I strolled around the courtyard looking for the toilets. The dhaba seemed to be a franchise, with several different shops set up within it. At one I found this wonderful statue of a well-educated specimen of the genus Pan. I wasn’t sure whether a smile on the face of a chimp was supposed to be reassuring or threatening. It wasn’t showing its teeth, but I thought it wise to retreat after taking a quick photo.

A second gate was flanked by horses ready to set out on a wedding procession. It seemed to be taking some time saying goodbye to a strawberry man. Is that a better argument, or a sweeter one, than a straw man? A sugar high from a sweet and milky tea can set you thinking of strange things.

The Family wanted to take a look at the food shops around the entrance. Before I could enter, I found a sign which caught me. Kitsch is not just visual. The idea of a chocolate paan is as kitschy as that of the chimpanzee reading a book. Soni had finished his breakfast. He complained that the parathas were not as good as they were the last time he stopped here. We belted up. Nothing stood between us and the hills now.

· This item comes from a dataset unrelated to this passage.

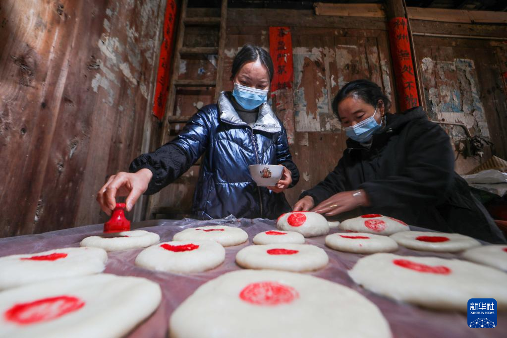 12月27日,岑巩县水尾镇马家寨村村民给糯米糍粑印花。

Delhi to Chandigarh: highway kitsch

For most of the distance between Delhi and Chandigarh, you would follow National Highway 44. It turns out that this is the highway of kitsch. Finding a three-headed dragon in a parking lot, I asked The Young Niece whether it was from Harry Potter. The answer was definitely “No. Harry Potter only has a three headed dog.” This was a friendly dragon, and probably not called Fluffy. She posed under the dragon with an ice cream cone in her hand (which did not melt under its hot breath).

Much before that, before we had left the gravitational attraction of Delhi, we passed this wonderfully kitschy temple. The dwarapala of classic temple architecture have been replaced by giant statues of Ram and Hanuman. I took the photo as our car flew down the highway. Later, looking at the picture I was not sure whether the structure just behind the dwarapala is a dhaba or a temple. The triple spired structure behind the cube is definitely a temple, but, going by the signboards, the cube is probably a dhaba.

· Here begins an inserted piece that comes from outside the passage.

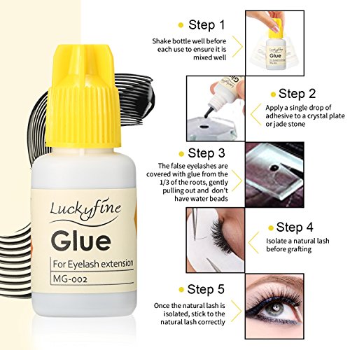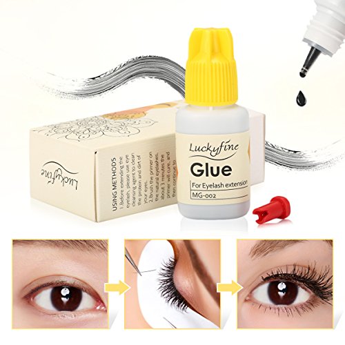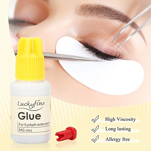 LuckyFine Eyelash Extension Glue - 10 ml / 4-5 Seconds Drying time / Retention 5-6 Weeks / LOW Fume / Allergy Free / Black Adhesive for Individual...

Our flight had landed in Delhi just after ten, and now it was getting to be time for lunch. The distance between the airport in Delhi and the center of Chandigarh can be covered in about four and a half hours, not counting a halt for food. The road is lined with dhabas, but most are empty of clients. It seems that opening a roadside eatery is a popular business, but not one which is highly remunerative. All the crowds seem to stop at places which are full of kitsch like the three-headed dragon.

That dhaba also had toilets which were guarded by these statues in armour: another touch which was right out of an alternate world Harry Potter. “Of course,” I told The Family, “in this part of the world it has to be Hari Puttar.” Reassured, I walked into the clean loo. The Lotus tried to put forward a different theory of the origins of these statues, but I think the Hari Puttar story is too colourful to be wrong.

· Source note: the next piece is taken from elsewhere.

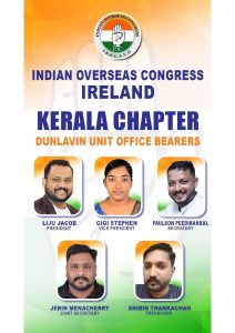 ഡബ്ലിൻ: ഇന്ത്യൻ ഓവർസീസ് കോൺഗ്രസ് (IOC) അയർലണ്ട് – കേരള ചാപ്റ്റർ ഡൺലാവിൻ യൂണിറ്റിന്റെ പുതിയ ഭാരവാഹികളെ തെരഞ്ഞെടുത്തതായി ഐഒസി നാഷണൽ പ്രസിഡന്റ് ലിങ്ക് വിൻസ്റ്റാർ മാത്യു അറിയിച്ചു.

Even the divider between the states of Haryana and Punjab is kitschy. Just after Amabala (or before, if you are coming from Chandigarh) is this amazing state border. The highway passed below a complicated arch with the name of the state written on it in large friendly letters. On the divider was a tall pole holding up something which looked like a conch shell disguised as a submarine. Some day in the future all this might look like classic art. I wonder what the kitsch of that time might be.